The teenager was sitting on the swing seat, a foot trailing on the weathered boards. The baby dozed in his lap, wrapped in a swaddling patchwork blanket. “Guess not, Dean. Thanks. I’ll stay here and play man of the house. Milk the horses and walk the pigs, or whatever it is. Look after Christina and Jenny. It’s a tough job, but someone has to do it.”

Over the past day and a half, Michael seemed to be making a serious effort to pull himself together.
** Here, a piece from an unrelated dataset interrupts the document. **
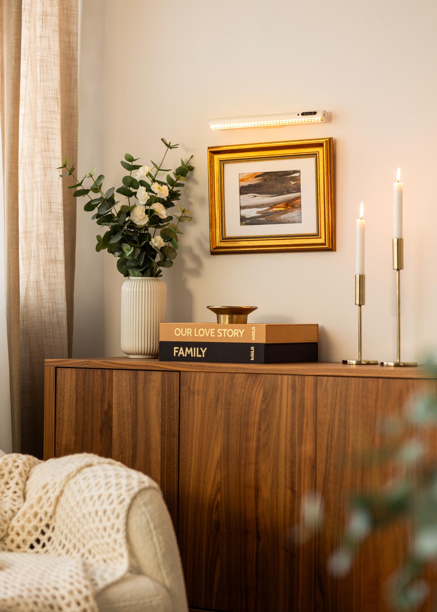 A KAILA Illuminate egy stílusos és elemmel működő képmegvilágító fehér kivitelben, tökéletes a képek kiemeléséhez zavaró vezetékek nélkül. A vezeték nélküli kialakítás megkönnyíti és rugalmasabbá teszi a felszerelést, anélkül, hogy a konnektorokra gondolnia kellene. Az elegáns fehér szín modern és visszafogott megjelenést kölcsönöz, amely beleillik a különböző berendezési stílusokba, miközben az egyenletes fény kiemeli a műalkotása részleteit és színeit. Könnyen telepíthető és használható – praktikus és kényelmes megoldás a faliképéhez.

He’d joined them at the table for all the meals, obviously trying to enter into the conversations and the plans for the hunt.

But the strain was clear.

There was a tightness across his cheeks, and the youth seemed to have lost a startling amount of weight since their arrival in old New Mexico, though he hadn’t appeared to be eating any less than usual. Dean had told his father, a day earlier, that he’d seen Michael out behind the smallest barn, on his hands and knees, finger down his throat. He’d puked up the entire eggs-and-ham breakfast he’d just eaten.

Now Christina stood next to him, wiping her hands on her apron, a smear of flour on her right cheek.

“You don’t want to make a real expedition of this?” Krysty called from the back of a speckled roan. “Could still take a picnic and all go.”